• Records for the exercise
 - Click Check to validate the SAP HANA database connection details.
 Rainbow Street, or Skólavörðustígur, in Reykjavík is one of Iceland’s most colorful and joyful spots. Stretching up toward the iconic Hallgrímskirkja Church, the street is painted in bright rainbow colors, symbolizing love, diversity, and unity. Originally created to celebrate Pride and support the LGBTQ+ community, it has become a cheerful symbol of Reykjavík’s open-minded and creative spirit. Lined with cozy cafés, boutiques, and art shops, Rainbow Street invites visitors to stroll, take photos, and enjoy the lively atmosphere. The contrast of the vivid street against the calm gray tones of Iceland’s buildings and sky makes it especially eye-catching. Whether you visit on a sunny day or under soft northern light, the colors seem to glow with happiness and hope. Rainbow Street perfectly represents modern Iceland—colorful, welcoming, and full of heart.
* * *
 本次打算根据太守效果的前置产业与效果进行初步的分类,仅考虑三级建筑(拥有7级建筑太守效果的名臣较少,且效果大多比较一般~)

• Assignment
Working from the material above, restate word for word the lines between the line with "- Click Check" and the line with "Rainbow Street, or", both included, and only those.

• Response for this exercise
 - Click Check to validate the SAP HANA database connection details.
 Rainbow Street, or Skólavörðustígur, in Reykjavík is one of Iceland’s most colorful and joyful spots. Stretching up toward the iconic Hallgrímskirkja Church, the street is painted in bright rainbow colors, symbolizing love, diversity, and unity. Originally created to celebrate Pride and support the LGBTQ+ community, it has become a cheerful symbol of Reykjavík’s open-minded and creative spirit. Lined with cozy cafés, boutiques, and art shops, Rainbow Street invites visitors to stroll, take photos, and enjoy the lively atmosphere. The contrast of the vivid street against the calm gray tones of Iceland’s buildings and sky makes it especially eye-catching. Whether you visit on a sunny day or under soft northern light, the colors seem to glow with happiness and hope. Rainbow Street perfectly represents modern Iceland—colorful, welcoming, and full of heart.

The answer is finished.